It’s tempting to dismiss all SPACs as low-quality issues avoiding IPO scrutiny, but we don’t want to fight the SPAC tide if our investment process can remain intact.  We’ve found some genuinely good companies amid the SPACophony.  Take MP Materials (MP). 

Chinese rare earths elements (REE) are extracted in a much more ecologically destructive manner than those at the Mountain Pass facility.  By substituting MP’s surprisingly small environmental footprint for the Chinese REE Bigfoot, MP is producing lasting environmental gains relative to existing practices. 

Unlike NKLA, MP Materials is a profitable, growing company with top shelf management.  We added MP (FVAC at the time) as a Best Ideas long in August, with a favorable macro backdrop and quantitative signals increasing the odds of success.  MP has been better than a double during de-SPAC. 

STKL 

Sales of non-dairy milks have risen over 60% in the last few years. The largest dairy company, Dean Foods, declared bankruptcy in 2019 as its borrowings and the revenue declines put too much pressure on the company. Lactose intolerance, health reasons, environmental reasons, and stories of animal use (do you remember Joaquin Phoenix’s Oscar speech) have all contributed to the decline in dairy sales. The impact to the dairy industry has been significant enough that dairy farmers have lobbied and sued to prevent plant-based milk producers from using the term “milk” to describe their product. SunOpta (STKL) is a leading supplier to the majority of plant-based milk producers. SunOpta has upside of $110M+ of EBITDA in 2021. That would represent an EV/EBITDA multiple of slightly more than 8x. SunOpta has visible HSD% organic revenue growth. Consumer staples companies growing at a LSD% rate have an average valuation range between 13-16x, highlighting the upside potential in the shares.

IIPR

Innovative Industrial Properties (IIPR) has entered into an amendment agreement with PharmaCann in Hamptonburgh, NY, making available $31.0 million in funding for significant enhancements in production capacity and additional upgrades at the 127,000 sq. ft. facility. Assuming full payment of the additional funding, IIPR’s total investment in the property will be $61.0 million.  Aside from this NY facility, IIPR owns and leases to PharmaCann facilities in IL, MA, OH, and PA, comprising a total of 363,000 sq. ft. and has total investments in leased properties to PharmaCann of $167.5 million. According to BDS Analytics, medical marijuana sales in NY totaled $77 million in 2019 and are expected to reach $150 million in 2020 and close to $250 million in 2021.  NY Gov.

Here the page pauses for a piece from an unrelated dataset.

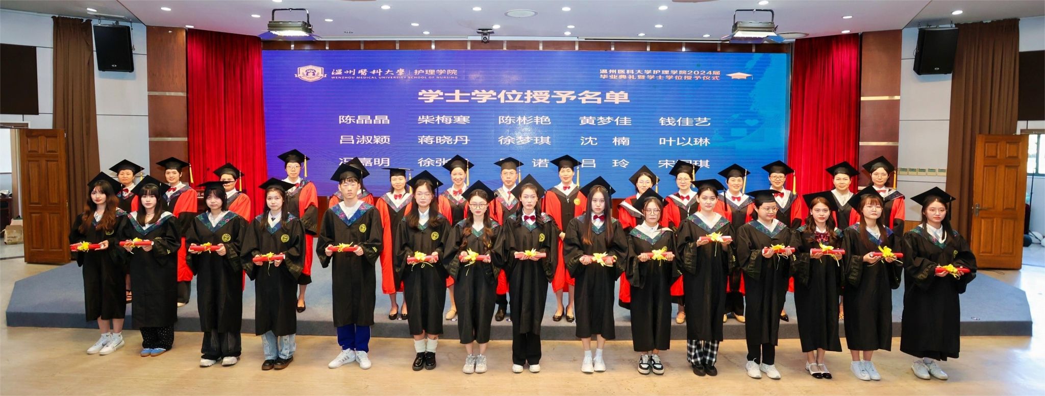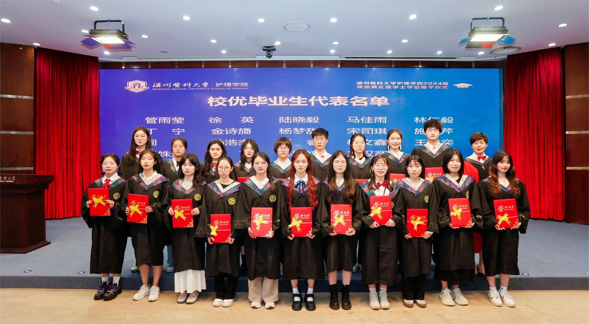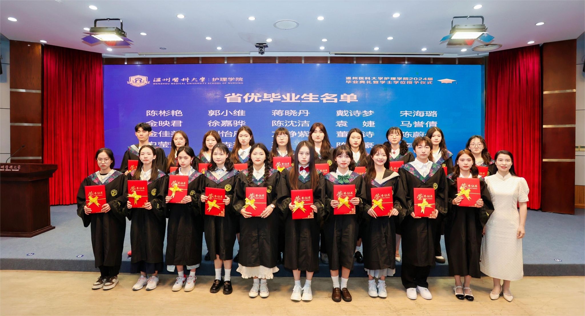2024届本专科毕业生中有20位学子获浙江省优秀毕业生称号,85位学子获快猫 优秀毕业生称号,35位同学成功考取研究生。其中20护本7班蒋泽凯同学成功考取浙江大学护理学专业研究生;20护本6班袁婕同学荣获校“十佳大学生”荣誉称号,同时她也在第十八届“挑战杯”全国大学生课外学术科技作品竞赛获一等奖;21护专金雨欣同学在全国大学生田径锦标赛女子铅球项目中取得第八名好成绩,刷新我校田径历史;20护本1班团支部成功入选浙江省高校“活力团支部”,多位毕业生在核心期刊及以上杂志发表论文或在各类创新创业大赛中获得佳绩。

Cuomo (D) and the state’s top lawmakers on both sides of the aisle have expressed support for legalizing adult-use in 2021.  The unlocking of NY as a recreational market will require an influx of growth capital, which IIPR is strategically poised to provide.

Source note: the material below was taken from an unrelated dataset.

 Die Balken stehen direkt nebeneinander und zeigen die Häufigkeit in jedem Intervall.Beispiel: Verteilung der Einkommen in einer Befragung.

The company also announced its fourth-quarter 2020 dividend of $1.24 per share of common stock, representing an increase of 6% QoQ and 24% YoY. The dividend is equivalent to an annualized dividend of $4.96 per common share and is the ninth dividend increase since IIPR completed its initial public offering in December 2016.

Investing Ideas Newsletter - iipr

EXPE

OTAs | CHANNEL MIX DATA SHOWS OTAs STILL LEADING

A key topic of focus for us for the recovery relates to the approach that hotels might take with OTAs and lower frequency leisure guests.  Given the dearth of business and group travel demand, hotels have been and will continue to be leaning more heavily into the OTA channel.  We saw this in ’09-’10, and then the share shift continued more aggressively into ’11-’14 as the OTAs then started to drive more repeat activity.  Based on proprietary data from Kalibri Labs through November (released yesterday), it appears that similar trends from the early recovery days are holding true.  Following property direct (walk-ins mostly), OTAs continue to outperform most other demand channels, and are still exceeding the growth driven by brand.com (e.g. Marriott.com).  Since the summer, it looks like  the gap vs the brand.com may have narrowed a touch, and that’s more a function of seasonal slowdown in leisure demand, but the broader outperformance continues and this should be a relative benefit moving into ’21 and more leisure demand can be stimulated as the vaccine is disbursed.  GDS and Group are more representative of business travel and those channels continue to be down 80-85% YoY, which is consistent with what we’re hearing from management teams so far.  Overall demand remains soft, but we’re more focused on the trajectories across different channels, which for now favors the OTAs.  We remain bullish on the OTAs, particularly Expedia (EXPE) (top idea) but also BKNG as both should be able to drive both hotel and alternative accommodation demand through their platforms, which could be a nice benefit into ’21 and ’22.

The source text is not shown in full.